Frog, set in Mo Yan’s hometown of Gaomi, follows a midwife determined to enforce the one-child policy, overseeing thousands of abortions the policy’s introduction in 1979. Drenched in amphibian symbolism, with a narrator named Tadpole and the croaking of frogs mirroring the cries of newborn infants, the novel explores the idea that “Family planning is about achieving great issues of humanity by denying minor ones.”

Mo Yan went on to receive the Nobel Prize in Literature in 2012, and was lauded by the Nobel committee as an author “who with hallucinatory realism merges folk tales, history, and the contemporary.” 

 

Massage《推拿》by Bi Feiyu Published 2008 in Chinese; 2015 in English Mao Dun Literary Prize 2011

Bi Feiyu, born in 1964 in Jiangsu province, worked at a training school for teachers of the blind and deaf before becoming a reporter for Nanjing Daily. Following a shoulder injury in 2003, he received treatment at a blind massage parlor, where he befriended his masseurs and drew upon their experiences for Massage.
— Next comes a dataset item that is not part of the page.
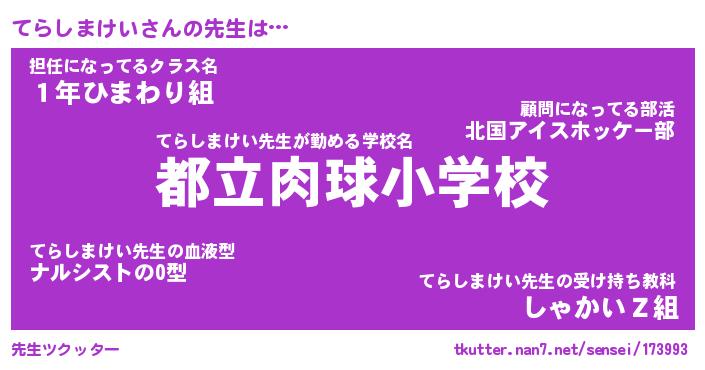 | ツイッター | てらしまけいさんのツイッターID『katatsumuri_star』 |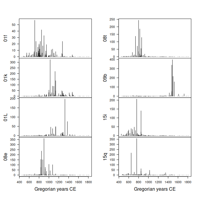 Base R ships with a lot of functionality useful for time series, in particular in the stats package. However, these features are not adapted to most archaeological time series. These are indeed defined for a given calendar era, they can involve dates very far in the past and the sampling of the observation time is (in most cases) not constant.

The novel follows Wang Daifu, a practitioner of tuina massage, as he comes to a massage parlor. His life intersects with that of 14 other blind masseurs, as they strike up friendships and romances, undergo feuds and revelations, and even make love in a scene involving the careful and systematic removal of clothing so that they may be found later. Bi insists that the novel wasn’t written to highlight the plight of China’s visually impaired, but to write a common novel about dignity and respect rather than sympathy and pity. “Not being able to see is a limitation. So is being able to see,” a character muses.

The novel has been adapted into the TV series Seeing without Looking (2013), as well as the feature film Blind Massage (2014), which won a Golden Horse Award in Taiwan.